The next day they rushed out and bought 50 yards of green cloth. Then everyone set to, cutting it into patches. The cleaner took them home and sewed them into makeshift surgical swabs, which they then washed and sterilized. “Three days after that meeting we were operating with homemade surgical swabs. We made 2,000 in all. And we still use them as a backup. They actually last longer.”
Something similar happened with their laser scalpels. Usually they were thrown away. One Saturday, they ran out. One of the surgeons said, “where are the used ones? We can recycle them.” They gathered them all up, but they didn’t have the right machine to sterilize them. The surgeon took them to the private clinic he worked at, which did have the machine. “He brought them back, 200 of them, as good as new, which will last us for two months.”

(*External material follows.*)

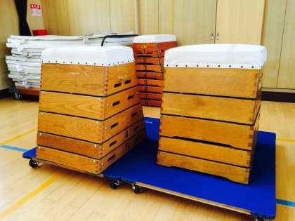 単学級で、しかも1クラスの児童数が少ない本校では、跳び箱や踏切板、マットなどを安全に、運搬できるようにしたいと考え、校長経営戦略予算の加算配付で、次の学校体育用品を購入しました。

These lessons may be useful in the future. But such improvisation is not itself a solution. Of course the price of oil means there are problems with the foreign currency needed to import drugs and medical supplies. However, Zayra Medina is sharply critical of the revolution’s failure to develop domestic industry when it could. “We had 17 years when we could easily have built the factories we need to supply the health service. We didn’t do it. That was a very big mistake, and we now have to speak out clearly and correct it.”

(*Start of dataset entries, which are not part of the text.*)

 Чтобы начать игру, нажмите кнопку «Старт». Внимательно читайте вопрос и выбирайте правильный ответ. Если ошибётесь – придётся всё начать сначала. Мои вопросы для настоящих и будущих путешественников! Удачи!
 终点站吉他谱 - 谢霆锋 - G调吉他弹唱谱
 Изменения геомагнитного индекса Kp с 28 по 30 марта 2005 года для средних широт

One way to fund this, in her view, would be to put an end to “the absurd situation” where huge amounts of public money go into paying public employees’ private health insurance, which subsidizes the private clinics but which often isn’t enough, and then the public hospitals have to sort out the mess. “PDVSA, Cantv, Corpoelec, 95 percent of them do it. It pains me to say it but they don’t believe in Barrio Adentro and the public health service.” If that money were put into public hospitals, they would be far better than the private sector, argues Medina. “But that would hit some people hard in the pocket. The private insurance companies pay hefty commissions.”